The query works great for finding the immediate relations where the foreign key only includes a single column. However, for cases where there are multiple columns in the foreign key, there will be two rows for each referencing table. So what to do?
Basis Query – Multiple Columns per Foreign Key
To avoid having one row per column in a multi-column foreign key, you need to perform an aggregation. You can for example use the GROUP_CONCAT()

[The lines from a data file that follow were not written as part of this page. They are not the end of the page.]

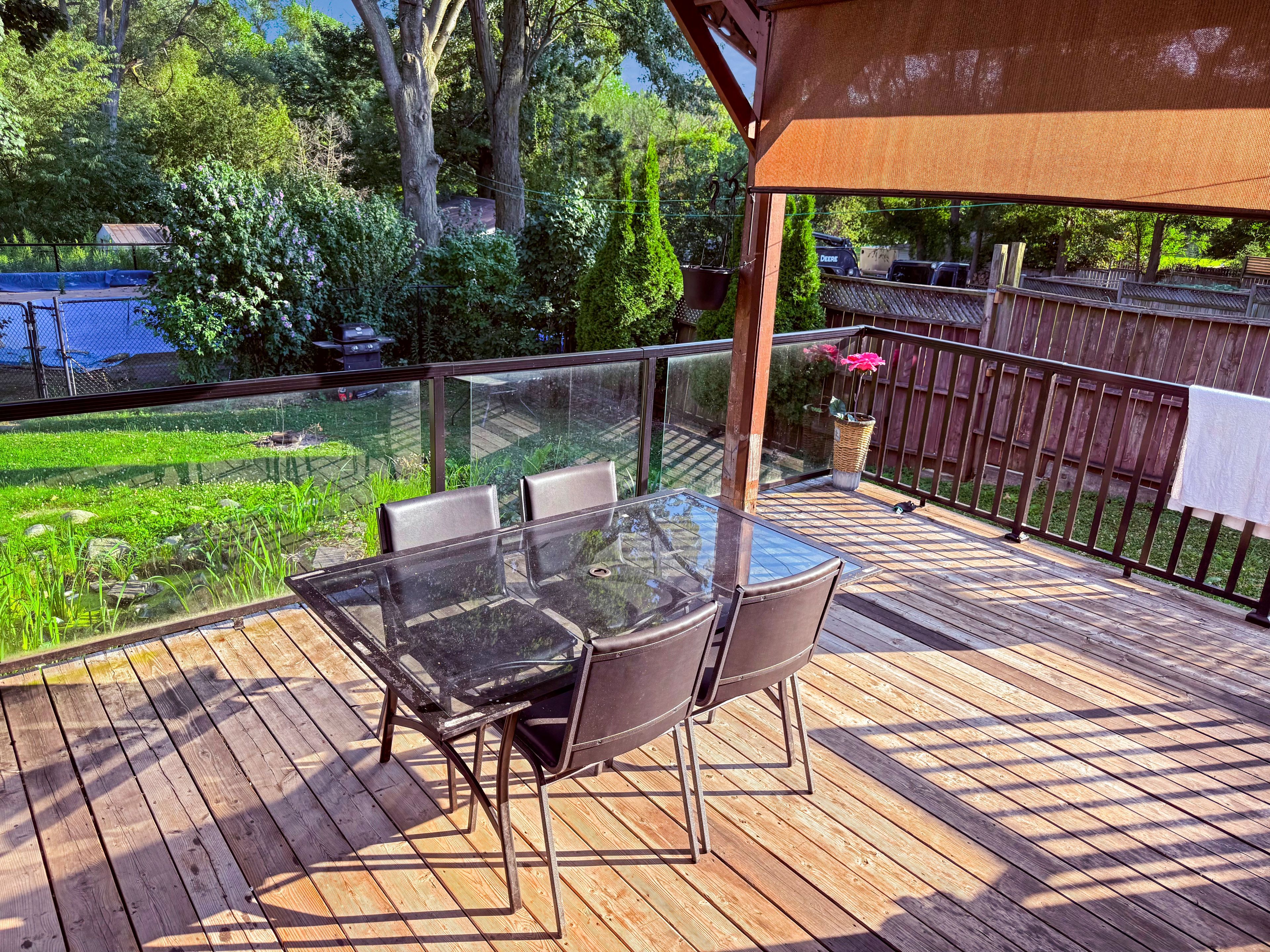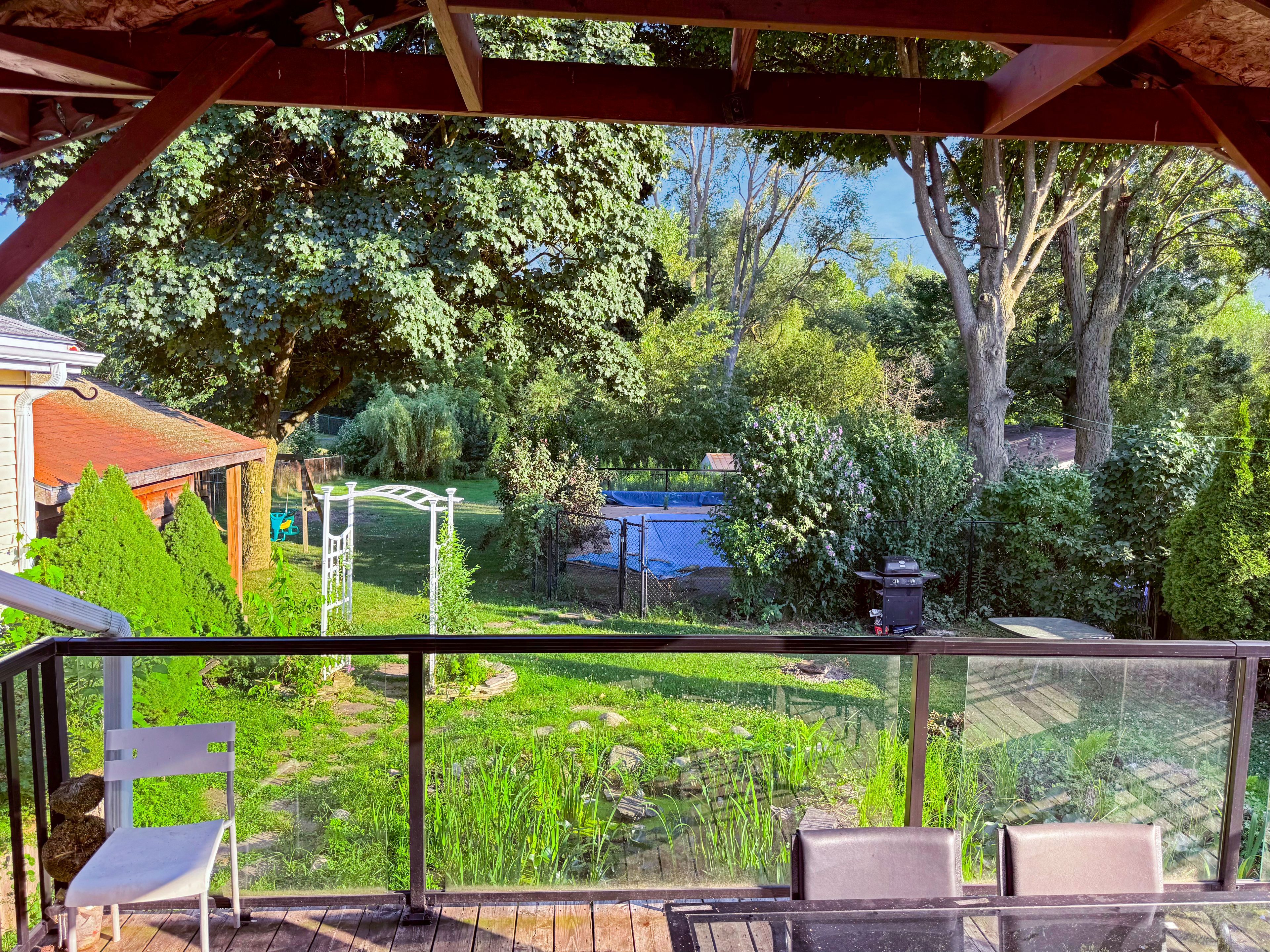 • Covered deck with views of a landscaped backyard and two fish ponds.
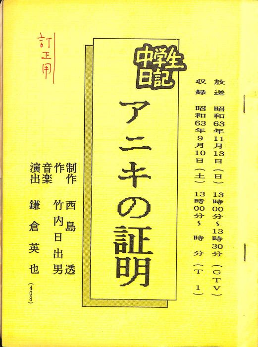 主な出演 : 馬場雅子,若杉浩平,鳥居美江【中学生日記】 中学生日記は1972年から2012年3月まで長きに渡って放送された学園ドラマである。1962年4月から放送された「中学生次郎」という番組を前身とし、何度か番組名を変更しつつ本ドラマに至る。最
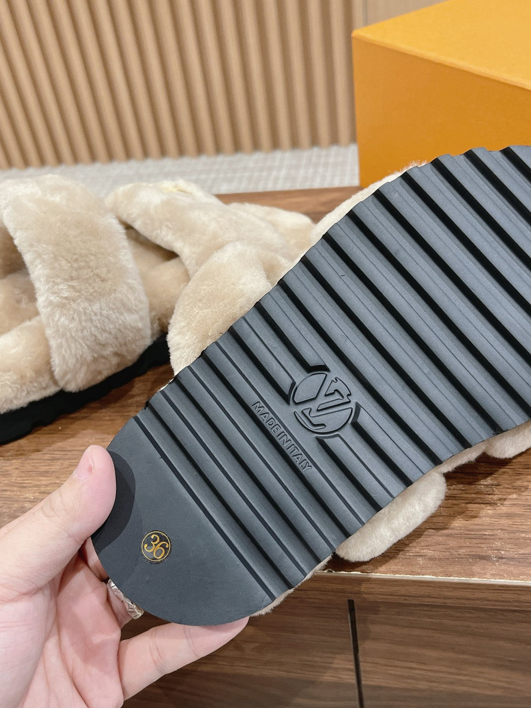 LV Cosy Flat Comfort Clog Beige Fur Lining Suede
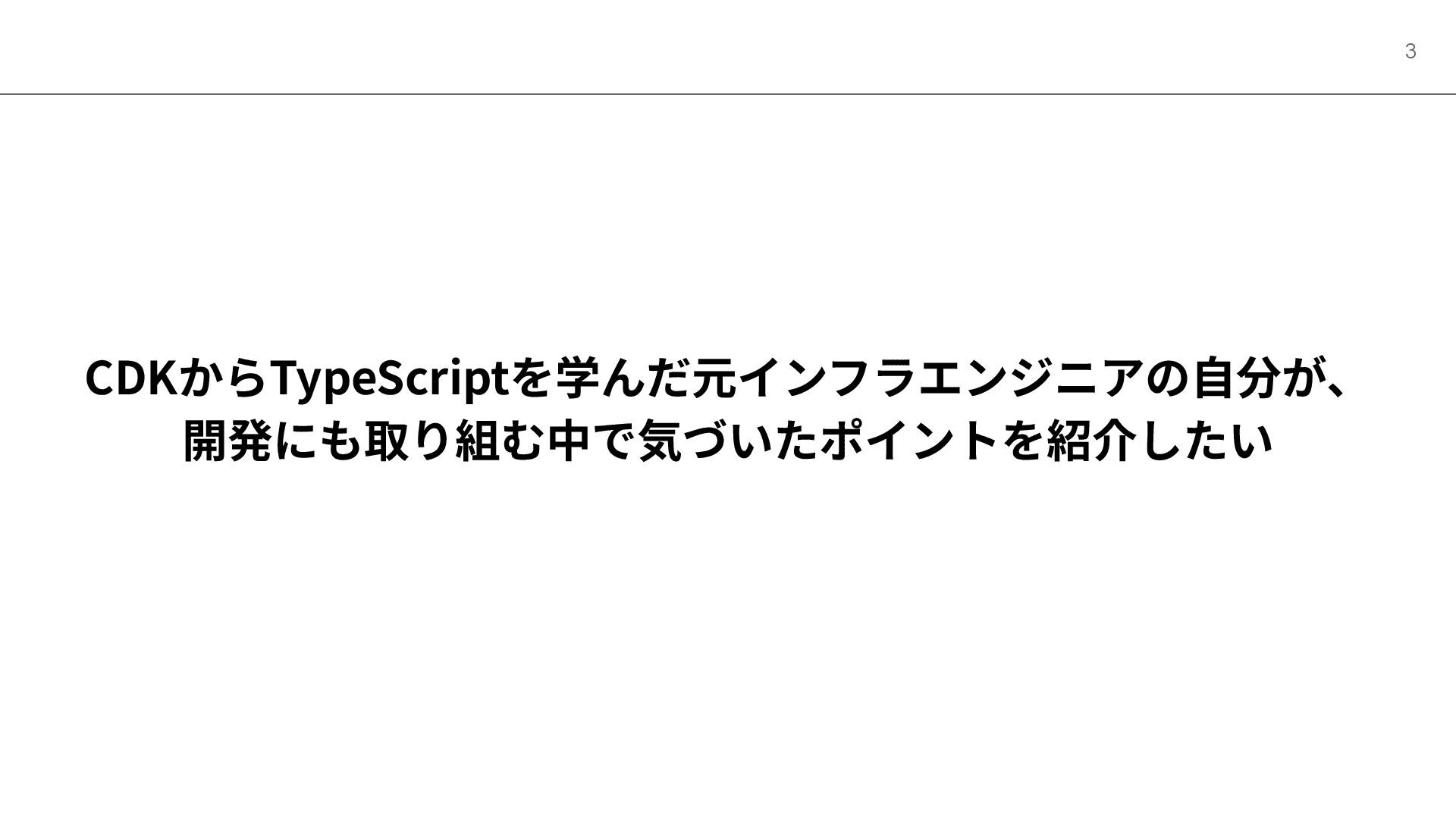 CDKからTypeScriptを学んだ元インフラエンジニアの⾃分が、 開発にも取り組む中で気づいたポイントを紹介したい 3
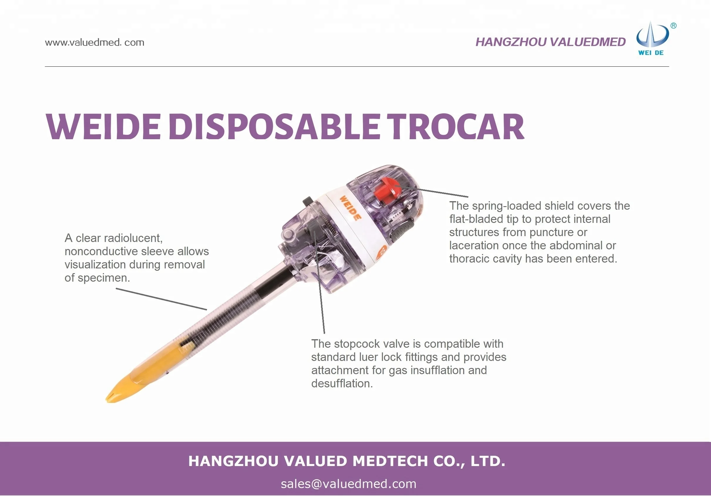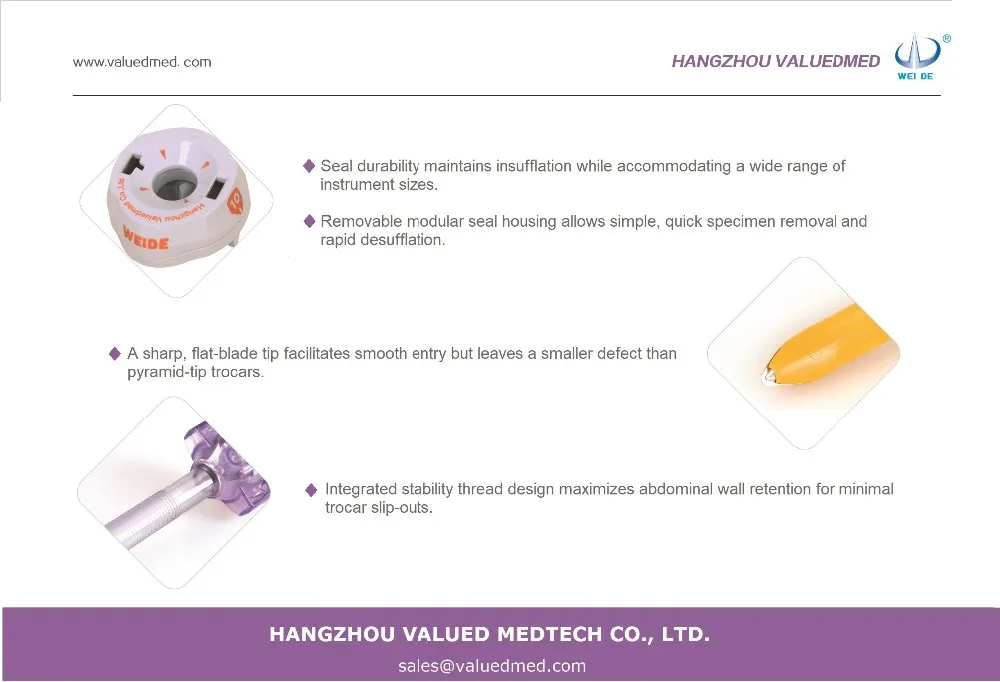 WEI DE® (ValuedMed) Sterile Disposable Laparoscopic Trocar has applications in thoracic, urologic, gynecologic laparoscopy and other abdominal procedures to establish a path of entry for endoscopic instruments. It helps to provide patient less post-operative pain, fewer wound complications, and faster recovery time.
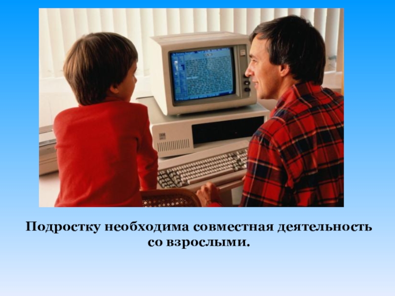 Слайд 17Подростку необходима совместная деятельность со взрослыми.
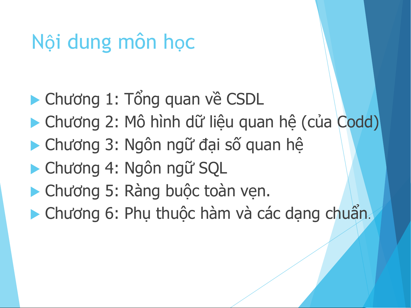 u Chương 3: Ngôn ngữ đại số quan hệ u Chương 4: Ngôn ngữ SQL

to generate a single value combining the column names. In MySQL 8.0, you can also consider creating a JSON array by using the JSON_ARRAYAGG()
function:
mysql> SELECT TABLE_SCHEMA, TABLE_NAME,
JSON_ARRAYAGG(COLUMN_NAME) ColumnNames
FROM information_schema.KEY_COLUMN_USAGE
WHERE REFERENCED_TABLE_SCHEMA = 'db1'
AND REFERENCED_TABLE_NAME = 'b'
GROUP BY TABLE_SCHEMA, TABLE_NAME;
+--------------+------------+--------------------+
| TABLE_SCHEMA | TABLE_NAME | ColumnNames |
+--------------+------------+--------------------+
| db1 | c | ["b_id1", "b_id2"] |
| db1 | f | ["b_id1", "b_id2"] |
+--------------+------------+--------------------+
2 rows in set (0.01 sec)
This queries the foreign keys to the b
tables. The c
and f
tables have a foreign key using the b_id1
and b_id2
columns.
This query result also means that the c
and f
tables are related to the a
table through the b
table. Would it not be great, if there was a single query that could provide the foreign key chains? Well, in MySQL 8 you can get this using a common table expression (CTE).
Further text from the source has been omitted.